Nothing but the lines from the first line of the records below to the line holding "Blue Woolen Winter" belongs in the answer, copied exactly and without pictures.

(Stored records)

* * *

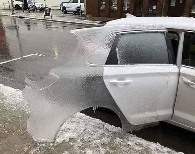 Air dari mobil pun menjadi es. Foto: boredpanda
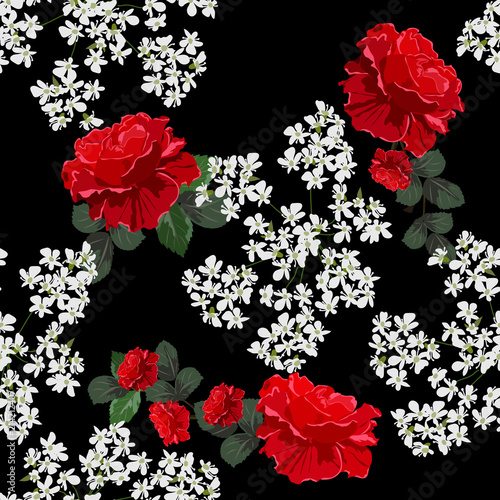 Seamless Background With Beetifully Red Roses And Small White Flowers Design For Cloth Wallpaper Gift Wrapping Print For Silk Calico And Home Textiles Vintage Natural Pattern Buy This Stock Vector And Explore
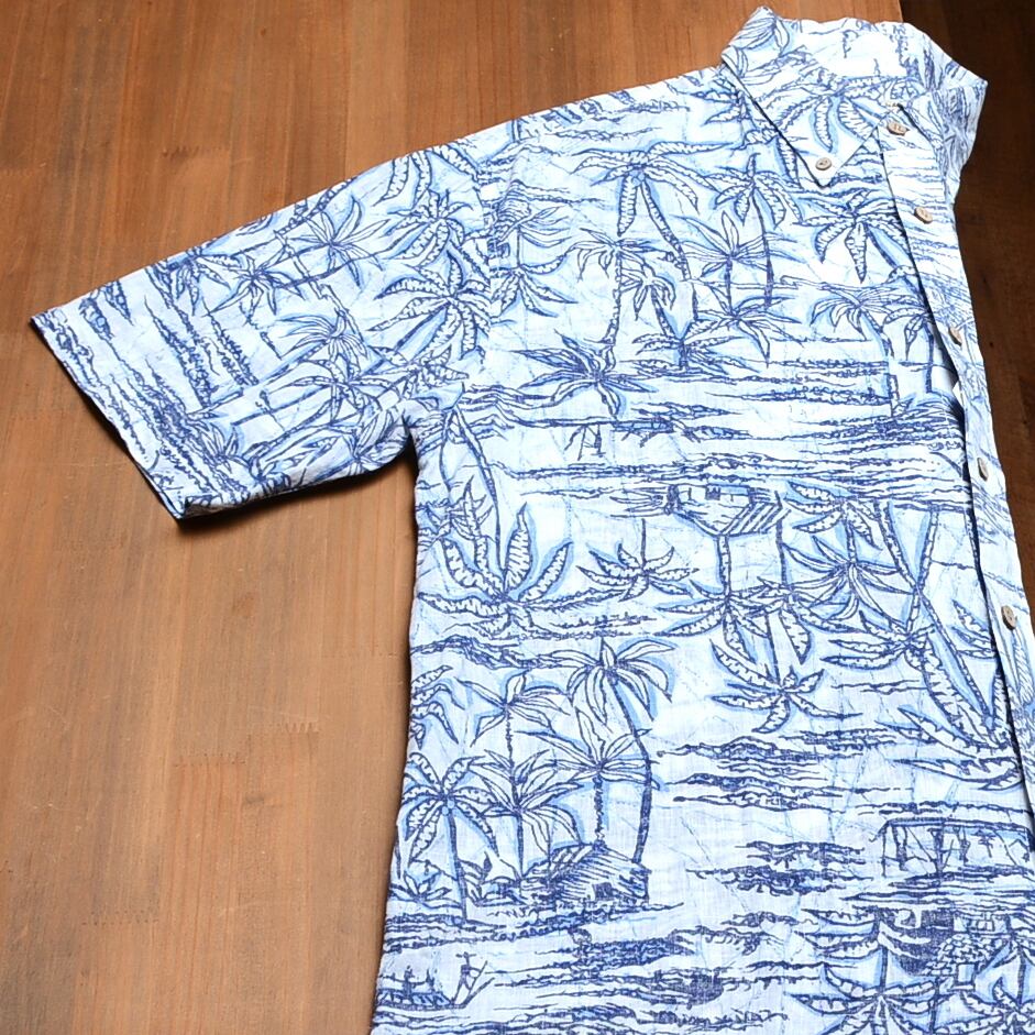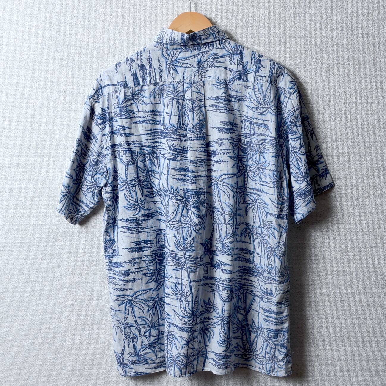 青と白のパームツリー柄のアロハシャツ、Lサイズ、US規格。
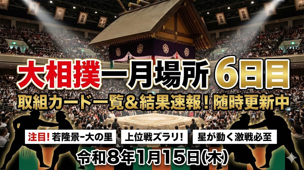 6日目は、若隆景-大の里、豊昇龍-隆の勝、高安-安青錦など、星が動くカードが揃いました。まずは中入り後の取組カードをチェックして、取組後は結果速報で一気に振り返りましょう。
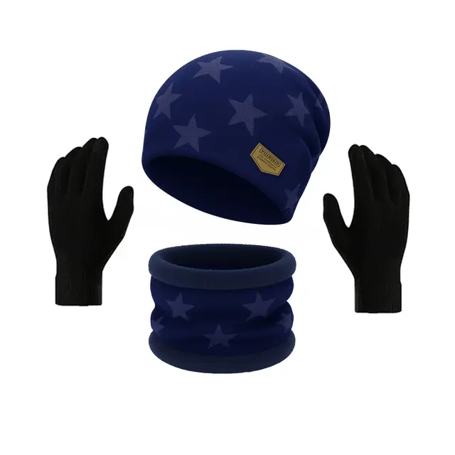 Blue Woolen Winter Star Design Print Cap With Neck Warmer and Gloves for Men and Women
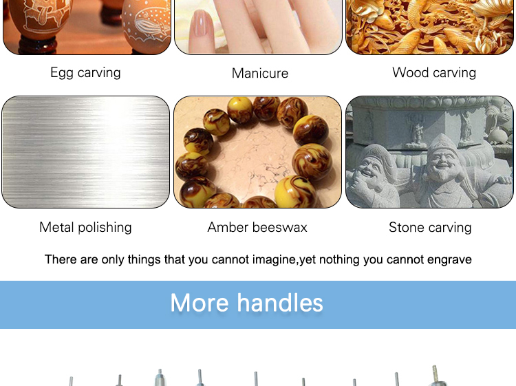 1. Name: 103 double-lock Brushless Handpiece 2. Rotary speed: 50000rpm 3. Torque: 8N.cm 4. Chuck: 2.35mm Standard. (Pls note if you need 3.0mm or 3.175mm chuck, please leave message to us!) 5. Weight: About 300g 6. Package: Bubble bag+foam+carton 7. Handpiece color: Blue Features: 1. Forward or Reverse direction switch suitable for any right-handed or left-handed use 2. Multi-using: Carving, Engraving, Routing, Grinding, Sharpening, Sanding, Polishing 3. Latest snap-on handpiece lock feature 4. Easy bit change using no tools Packet Include: 1x 103 double-lock Brushless Handpiece 1x Wrench

* * *

### Task solution
 Air dari mobil pun menjadi es. Foto: boredpanda
 Seamless Background With Beetifully Red Roses And Small White Flowers Design For Cloth Wallpaper Gift Wrapping Print For Silk Calico And Home Textiles Vintage Natural Pattern Buy This Stock Vector And Explore
 青と白のパームツリー柄のアロハシャツ、Lサイズ、US規格。
 6日目は、若隆景-大の里、豊昇龍-隆の勝、高安-安青錦など、星が動くカードが揃いました。まずは中入り後の取組カードをチェックして、取組後は結果速報で一気に振り返りましょう。
 Blue Woolen Winter Star Design Print Cap With Neck Warmer and Gloves for Men and Women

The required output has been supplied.